On February 6, 1995, Hong Kong-Shanghai filed a "Complaint for Declaratory Judgment Regarding the Debtor's Discharge" in bankruptcy court. Essentially, Hong Kong-Shanghai sought a declaratory judgment pursuant to 28 U.S.C. § 2201(a) from the bankruptcy court that, while Simon's discharge and the injunction against Hong Kong-Shanghai were effective within the United States, the discharge and injunction were not enforceable outside the United States. Hong Kong-Shanghai requested the bankruptcy court to issue an order containing any one of three findings: (1) that the discharge did not apply to enjoin Hong Kong-Shanghai from enforcing the Simon guarantee in Hong Kong; (2) that if the discharge so provided, it be modified to permit prosecution of the guarantee in Hong Kong; or (3) if Hong Kong-Shanghai chose to commence collection proceedings in Hong Kong, it would not be subject to sanctions in the United States.

Following a hearing, the bankruptcy court granted Simon's motion to dismiss for failure to state a claim upon which relief may be granted. The bankruptcy court noted that, although the discharge injunction was not directly enforceable in Hong Kong, it was enforceable in United States district court via the imposition of sanctions against Hong Kong-Shanghai followed by appropriate collection proceedings against Hong Kong-Shanghai's property located in the United States.

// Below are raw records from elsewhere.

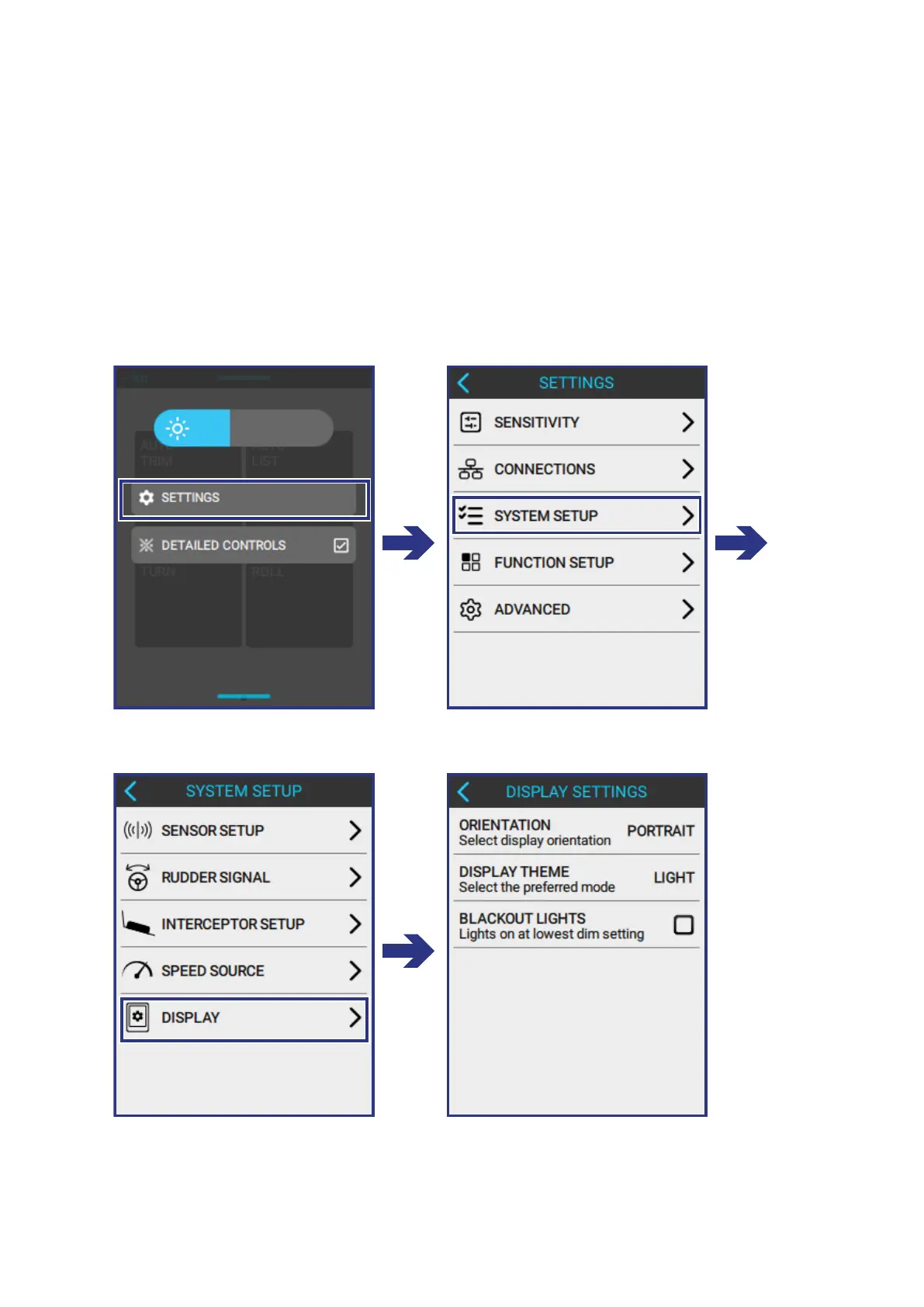 MENU > SETTINGS > SYSTEM SETUP > DISPLAY
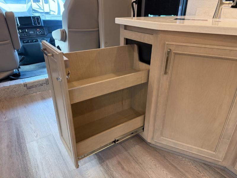 - Solid hardwood cabinets and articulating hinges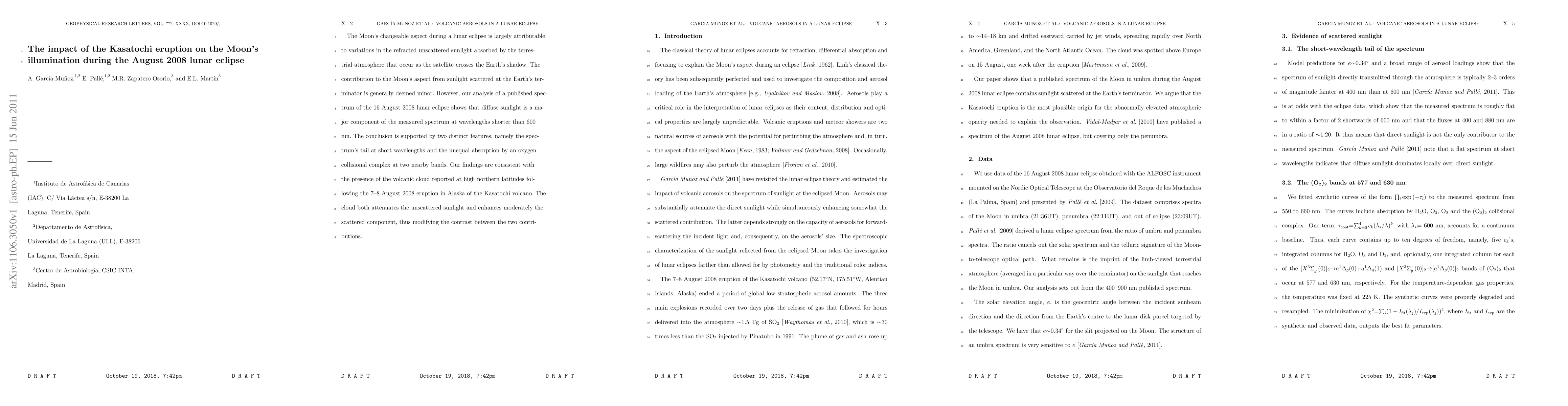 The Kasatochi volcano eruption in 2008 affected the Moon's illumination during a lunar eclipse by altering the amount of diffuse sunlight reaching it, according to a recent analysis of spectrum data from the August 16, 2008 event.
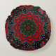 Almofada Redonda caleidoscópio com gradiente circular, verde e verm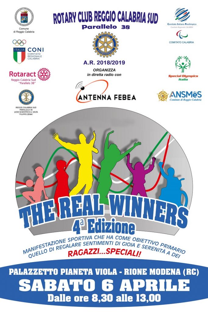 Sabato 6 aprile alle ore 9.00 presso il Palazzetto dello Sport “Pianeta Viola” di Reggio Calabria, il Rotary Club Reggio Calabria Sud Parallelo 38, da sempre vicino allo sport ed alle persone con disabilità, propone una manifestazione sportiva dal nome “The REAL Winners”, giunta alla quarta edizione, che ha come obiettivo primario quello di regalare sentimenti di gioia e serenità a dei “ragazzi speciali”! La manifestazione, studiata e progettata dal prof. Paolo Albino, socio dello stesso Club, intende portare a conoscenza della cittadinanza le attività sportive dei ragazzi con disabilità per coinvolgerli e dare una mano alle loro famiglie. Quest’anno il programma ha assunto una importanza nazionale, supportato dal governatore del Rotary Distretto 2100 , Salvatore Iovieno e da Antonio SQUILLACE, Presidente Commissione Progetti Distrettuali Rotary Distretto 2100 diventando progetto distrettuale. La manifestazione vuole far conoscere e diffondere lo sviluppo della pratica sportiva delle persone con disabilità, unitamente al recupero della dimensione relazionale dello sport. Il ruolo dello sport nella vita delle persone con difficoltà motorie e/o intellettive è fondamentale perché consente al disabile di recuperare o mantenere, a seconda del tipo di disabilità, l’efficienza motoria e fisiologica in un quadro più generale di salute fisica e mentale.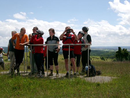 Auch wenn Pluto nicht mehr zu den Planeten gezählt wird, die Radwanderer wurden für die Anstrengung am steilen Anstieg zu diesem Punkt auf dem südöstlichen Riesrand mit einer beeindruckenden Aussicht belohnt.

Moreover, the bankruptcy court found that such enforcement did not contemplate the extraterritorial application of a United States statute. Finally, the court refused to modify the discharge injunction, holding that there was no legal basis for modifying an injunction where it was appropriate and fully supported by bankruptcy law.

Hong Kong-Shanghai appealed the bankruptcy court's order to the United States District Court for the Northern District of California. The district court issued a ruling affirming the bankruptcy court's conclusion that the injunction was not an extraterritorial application of a United States statute. The district court concluded that: (1) the Bankruptcy Code conferred in rem jurisdiction to the court over all the property making up the debtor's estate, thus "it cannot be said that enjoining actions, wherever they may be instituted, so as to preserve the court's exclusive in rem jurisdiction is an extra-territorial application of the Court's equitable powers;" and (2) because Hong Kong-Shanghai had submitted to the equity jurisdiction of the bankruptcy court by participating in the bankruptcy, the court was not acting extraterritorially in issuing the injunction. Hong Kong-Shanghai appeals the district court's order, primarily arguing that the section 524 discharge injunction constitutes an improper extraterritorial application of a statute.

II.

Congress has the unquestioned authority to enforce its laws beyond the territorial boundaries of the United States. E.E.O.C. v. Arabian-American Oil Co., 499 U.S. 244, 248 (1991) ("Aramco"). Whether Congress has exercised that authority in a particular case is a matter of statutory construction. Stegeman v. United States, 425 F.2d 984, 986 (9th Cir. 1970) (en banc). In construing a statute to ascertain Congress' territorial intent, we begin with the presumption that "the legislation of Congress, unless a contrary intent appears, is meant to apply only within the territorial jurisdiction of the United States." Foley Bros., Inc. v. Filardo, 336 U.S. 281, 285 (1949). With that presumption in mind, we analyze intent by first examining the language of the act for indications of intent regarding extraterritorial application. Aramco, 499 U.S. at 248. In addition to the plain statutory words, intent may be discerned with reference to similarly-phrased legislation, Id. at 250-51, or the overall statutory scheme. Foley Bros., 366 U.S. at 286. If these inquires are inconclusive, examination of legislative history is appropriate. Id. Resort to administrative interpretations of the law may be employed if the legislative history is inconclusive. Id. at 286-88.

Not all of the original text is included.